=== Dataset records ===

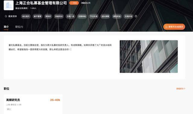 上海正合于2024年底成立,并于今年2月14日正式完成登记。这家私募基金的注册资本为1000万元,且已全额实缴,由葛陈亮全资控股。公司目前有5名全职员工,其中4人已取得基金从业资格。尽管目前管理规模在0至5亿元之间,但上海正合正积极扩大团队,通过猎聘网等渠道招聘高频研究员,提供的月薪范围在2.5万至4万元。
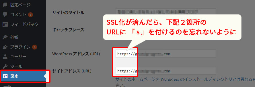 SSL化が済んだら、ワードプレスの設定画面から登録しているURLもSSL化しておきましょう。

===
=== Dataset records ===

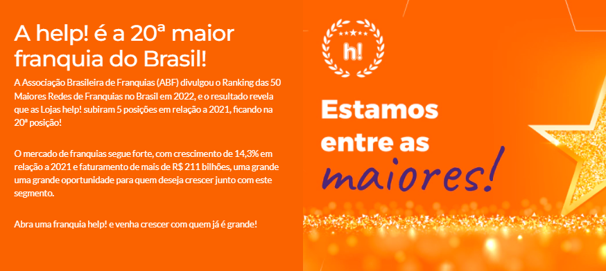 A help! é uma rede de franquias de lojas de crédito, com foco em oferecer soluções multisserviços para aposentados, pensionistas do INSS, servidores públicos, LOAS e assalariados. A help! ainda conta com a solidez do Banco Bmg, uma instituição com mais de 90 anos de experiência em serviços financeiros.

===
=== Dataset records ===

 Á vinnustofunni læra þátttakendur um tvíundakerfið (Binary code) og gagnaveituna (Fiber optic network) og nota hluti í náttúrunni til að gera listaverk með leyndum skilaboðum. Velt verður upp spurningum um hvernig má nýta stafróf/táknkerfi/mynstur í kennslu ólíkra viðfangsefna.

===

:: Activity ::
Write out word for word the lines above that run from the one with "上海正合于2024年底成立,并于今年2月" to the one with "SSL化が済んだら、ワードプ". Include both end lines; exclude the images.

:: Result of the exercise ::
 上海正合于2024年底成立,并于今年2月14日正式完成登记。这家私募基金的注册资本为1000万元,且已全额实缴,由葛陈亮全资控股。公司目前有5名全职员工,其中4人已取得基金从业资格。尽管目前管理规模在0至5亿元之间,但上海正合正积极扩大团队,通过猎聘网等渠道招聘高频研究员,提供的月薪范围在2.5万至4万元。
 SSL化が済んだら、ワードプレスの設定画面から登録しているURLもSSL化しておきましょう。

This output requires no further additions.